===== INFORMATION PROVIDED
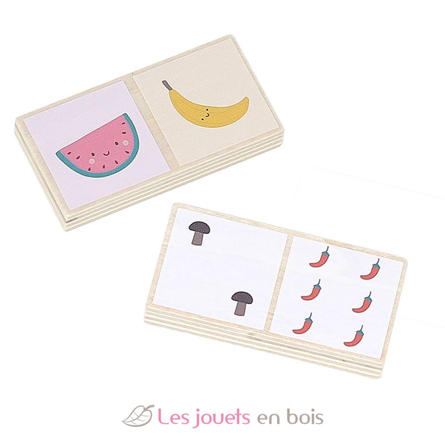Ces dominos sont réversibles : une face pour associer les fruits, l’autre face pour associer les nombres (représentés par des légumes). Idéal pour de bons moments de jeu en famille, dès 2 ans.
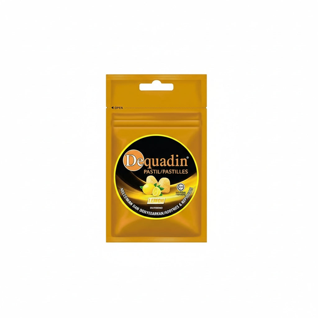 Dequadin Pastilles Lemon are medicated lozenges designed to relieve minor throat irritation and soreness while providing a refreshing lemon flavor. The 20g pack is compact and perfect for carrying on-the-go.
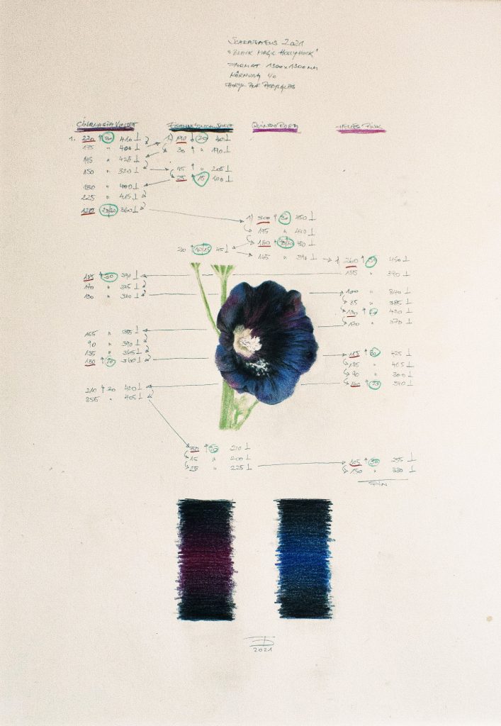 Titel: Scarbaeus 2021 Black Magic Hollyhock Jahr: 2021 Kategorien: Scarabaeus Technik: Acryl auf Acrylglas Größe: 130 x 130 cm Untertitel: Partitur, Mischtechnik auf Papier, 70 x 50 cm x 50 cm
==========
ACTION ITEM - Repeat the lines above exactly, and keep every picture out.

SOLUTION FOR THIS PROBLEM -
Ces dominos sont réversibles : une face pour associer les fruits, l’autre face pour associer les nombres (représentés par des légumes). Idéal pour de bons moments de jeu en famille, dès 2 ans.
 Dequadin Pastilles Lemon are medicated lozenges designed to relieve minor throat irritation and soreness while providing a refreshing lemon flavor. The 20g pack is compact and perfect for carrying on-the-go.
 Titel: Scarbaeus 2021 Black Magic Hollyhock Jahr: 2021 Kategorien: Scarabaeus Technik: Acryl auf Acrylglas Größe: 130 x 130 cm Untertitel: Partitur, Mischtechnik auf Papier, 70 x 50 cm x 50 cm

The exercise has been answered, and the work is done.